I guess I agree that the court has jurisdiction because of this clause, to hear cases in which treaties and the constitutional issues are raised, but I do not know if that applies to the substantive interpretation of the supremacy of the treaty clause or the equality of the treaty clause, or the inferiority of the treaty clause vis-a-vis the the Bill of Rights.
For eaxample, did anyone ever say taht if the US ientered into a treawty at the UN that said there could be no possession of firearms (in assumed violation of the 2nd amendment) I assume I could take the issue to the courts to determine if that treaty worked to take my weapon away from me.
But when the court decides between the 2nd Amendment and the treaty, who wins? I would hope that the court would always say that any provision in any treaty that violates any right in the Bill of Rights is void ab initio.

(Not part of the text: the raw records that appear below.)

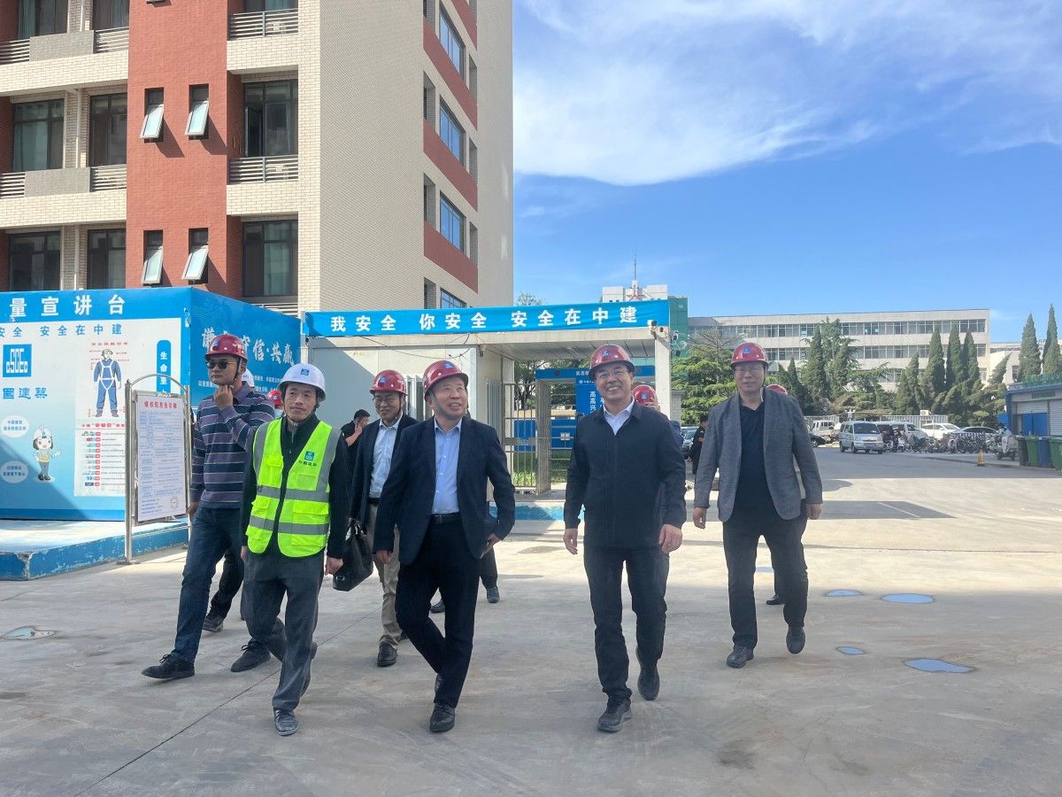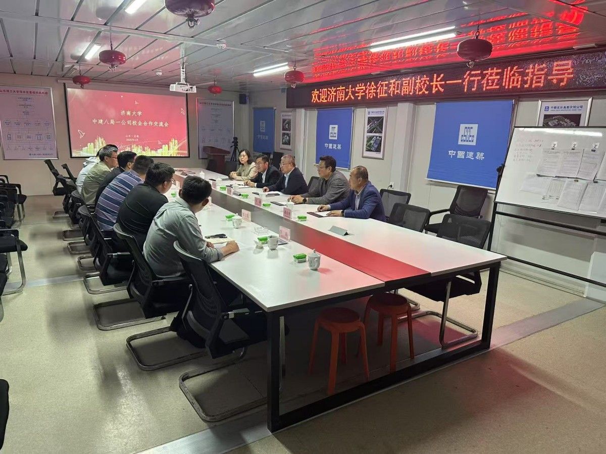 随后,徐征和一行走访慰问了中建八局一公司在淄博各项目部的校友。在山东理工大学项目部,山东理工大学副校长崔焕勇代表淄博校友对徐征和一行的到来表示热烈欢迎和感谢,并带领参观了中建八局一公司的示范项目山东理工大学宿舍楼。座谈会上,徐征和向崔焕勇等各位淄博校友表达了诚挚慰问,希望今后加强两校之间以及校企之间的密切交流与合作。中建八局一公司校友代表郑立栋、李奔向母校老师汇报了个人成长经历和取得的成绩,表达了对母校的感恩之情。
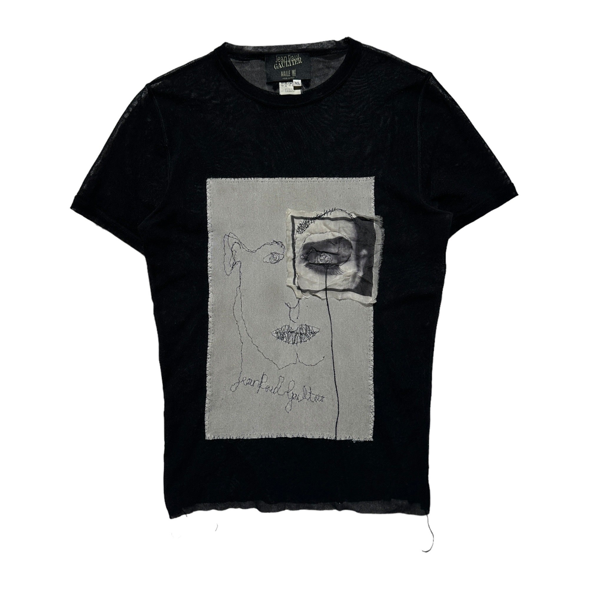 Rare find. Elegantly made stretchy mesh short sleeve with signature graphic throughout. Perfect unisex piece. Shoulders: 16”Pits: 17.5”Length: 26”Sleeve: 8”
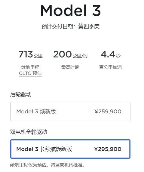 其他方面包括美学设计、驾驶体验、座舱设计等据官方介绍都是全方位焕新。尤其值得一提的是,性能上新款Model 3长续航版本有713公里(CLTC预估值)最高续航,适合长途自驾,能有效地缓解充电焦虑问题。
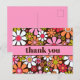 Fleurs colorées groovy rétro florales des années 60 70 Motif de fleurs rose et marron. Mignon et joyeux, avec une ambiance vintage des années 1960 1970. Le texte « Merci » peut être personnalisé / adapté. Par Kierkegaard Design Studio.
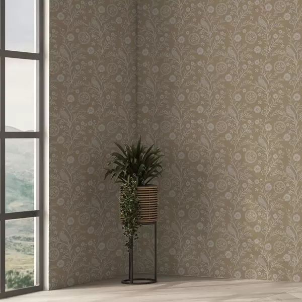 Tapete Zarte Skizze eines weißen Vogels und einer Blume weißer Vogel und Blume auf ockerfarbenem Hintergrund Nr. a00393
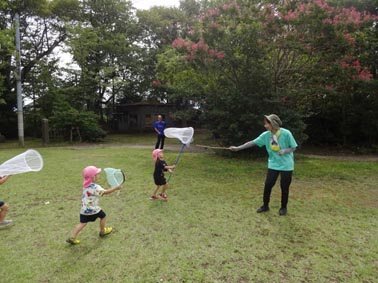 暑さの中にも秋を見つけに。草むらのバッタも大きくなってきました。秋の虫をたくさん捕まえたいと思います。
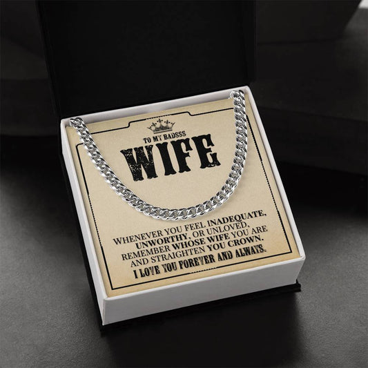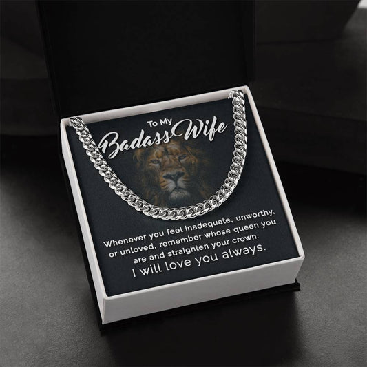 To My Badass Wife - Remember Whose Queen You Are - Cuban Link Chain Necklace
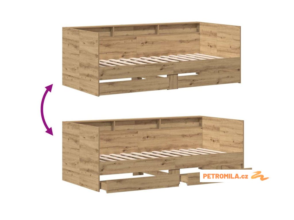 Toto rustikální denní lůžko z inženýrského dřeva má zásuvky a skvěle zapadá do moderních prostor. Jeho jednoduché linie a minimální design jsou ideální pro každou ložnici, co preferuje jednoduchost. Může se používat jako pohovka během dne a jako pohodlná postel v noci - perfektní pro malé byty. Jeho nenáročný styl a pevná konstrukce umožňují mnoho možností dekorace, takže si ho můžete přizpůsobit podle sebe.
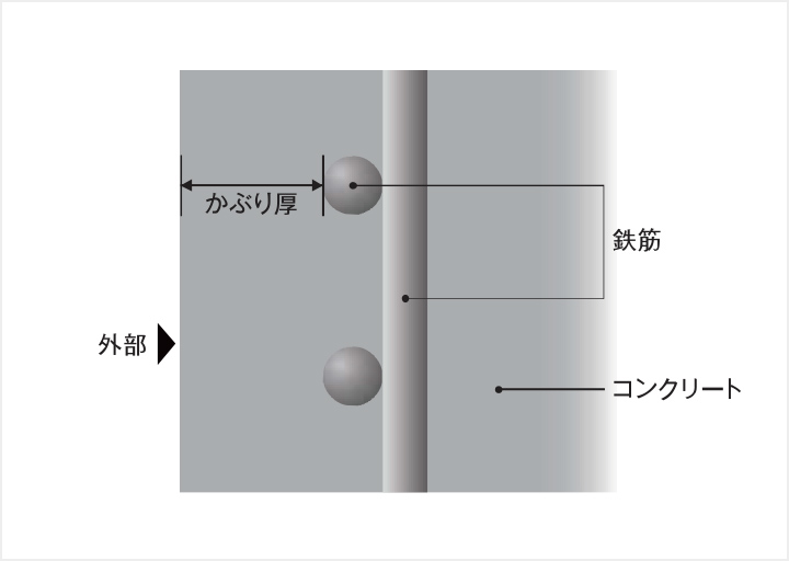 コンクリートは空気に触れると外側から徐々に中性化するため、中性化が鉄筋に至ると錆が発生して耐久性を損ないます。そこで構造体コンクリートについては、鉄筋を覆うコンクリートのかぶり厚を適切な寸法とすることで耐久性を高めます。
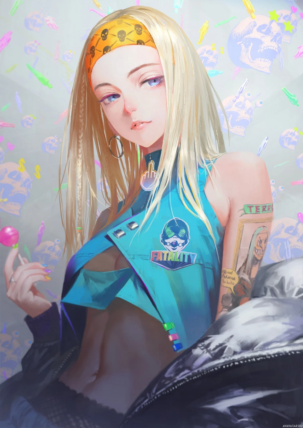 a white top with a graphic or logo on it. The character has tattoos on her arms and neck, including one that reads "F". She's holding what appears to be a candy in her hand. The background includes a colorful pattern that could suggest
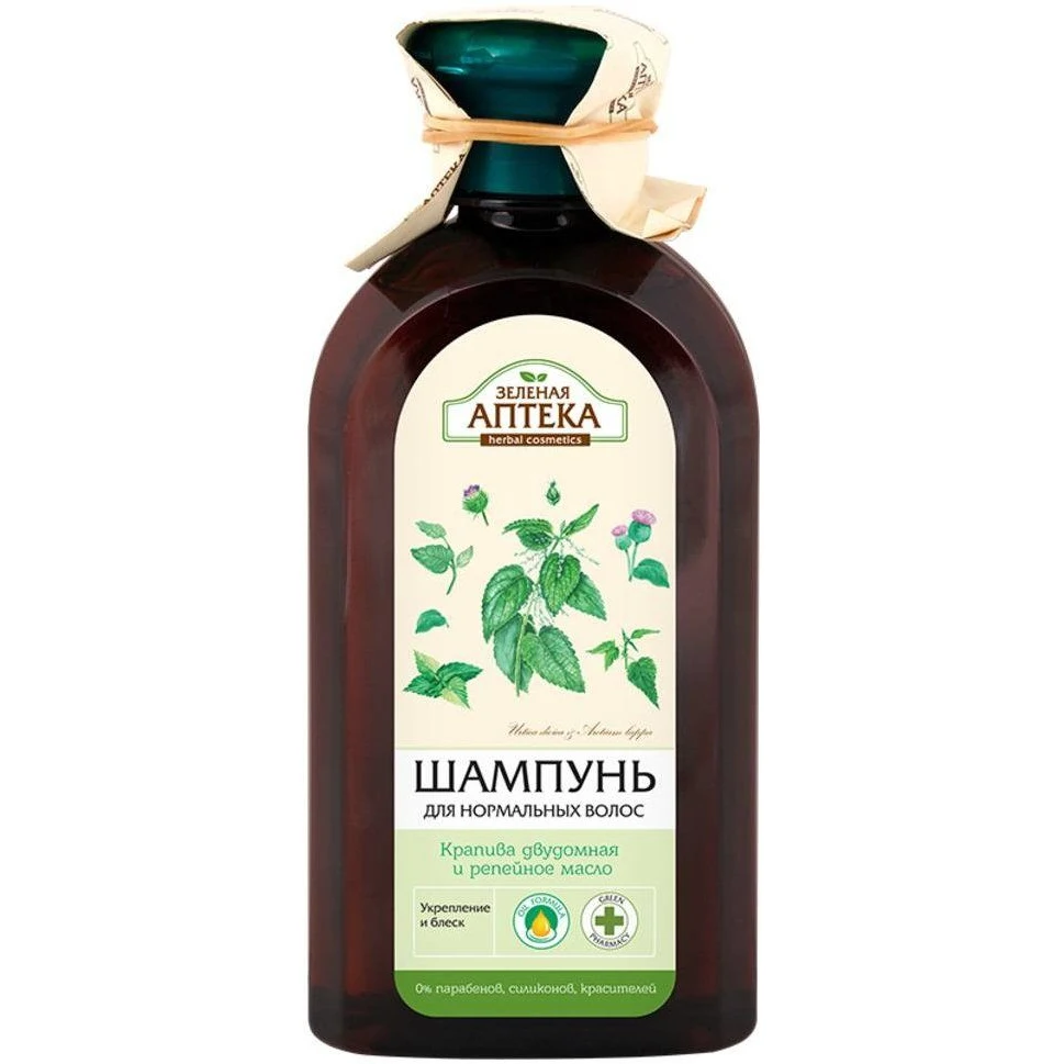 Эффективно очищает волосы и кожу головы, подходит для ухода за нормальными волосами. Экстракт крапивы способствует укреплению структуры волос, придает блеск. Репейное масло, благодаря своему уникальному составу, обеспечивает волосы необходимыми питательными веществами для их силы и блеска. Для достижения лучшего эффекта в уходе за нормальными волосами рекомендуется использовать шампунь в комплексе с бальзам-кондиционером или маской, дополняя уход настоем этой серии. Способ применения: нанести на влажные волосы, вспенить, смыть водой. Меры предосторожности: при попадании в глаза промыть водой. Возможна повышенная индивидуальная чувствительность к отдельным компонентам. 0% парабенов, силиконов, красителей. Объем: 350 мл.
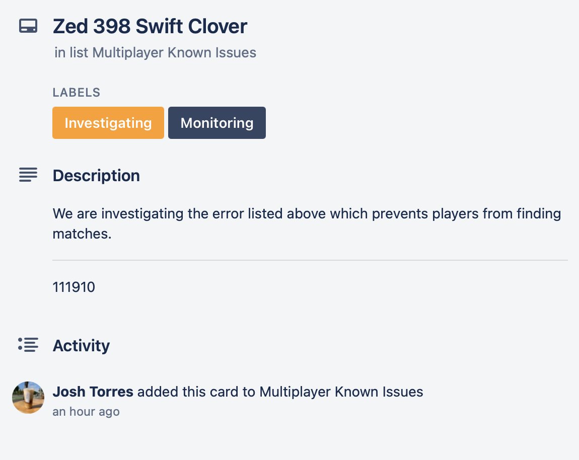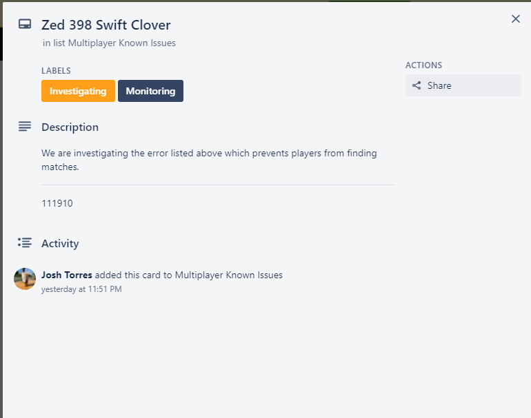 Treyarch is investigating the "Zed 398 Swift Clover" error on PC.

Would Clinton appointees who rely on foreign precedent always rule in favor of the Bill of Rights? Some argue in favor of eliminating the death penalty as a violation of due process that other governments now ban the death penalty. They use foreign precedent to justify their own views on constitutional interpretations.
How much further is the leap to say that the treaty trumps the Bill of Rights?
If they violate the constitution, the only way they could take effect is through an ammendment... which would require 2/3 of the states
Yes, when did they give up professional wrestling?
From your lips...
Come on over and learn what Bush is doing with the CFRs plan.
We have to set up the courts and the legislatures and figure out whom in the secret conspiracy to reveal to the public.
Hey buddy, if you leak any conspirator's name the secret police of NAFTA will arrest you. Under the terms of the secret agreement you are liable to be prosecuted without a trial and without representation.
You nailed that 100%!
LLS
Sen. John Kerry bump
BTTT!
You have to remember that we elected them to follow the rules. The reason we wrote the U.S. Constitution was to create a mechanism to protect our right to life, liberty, and the pursuit of happiness, which we proclaimed before the Constitution was written. If our employees have a problem with that, we'll just have to fire them and replace them with those who have better reading and comprehension skills.
The Constitution is not a charter for tyranny, nor did we surrender the document to our our elected officials. So by what logic or reason do our employees think they can surrender our charter to a foreign power? It does not belong to them. It belongs to We the People -- individually and collectively.
Add me to any ping list for this subject, please. Thx.
Are treaties voted upon by the several States? I thought that applied only to ratification of Constitutional amendments.
What challenges could be filed in this court would be defined, I suppose, by how deep the political integration goes. If it's mainly with regard to trade and other economic matters, we could dodge the bullet, so to speak. If it's more comprehensive, then watch out!
I would think being as stupid as you are would hurt very much indeed.
**lol@self
fridge=fringe
They would take effect first, then the Supreme Court would rule on Constitutionality. And it's 3/4 of the states for an amendment. So, other than those small errors. You're right on track. LOL!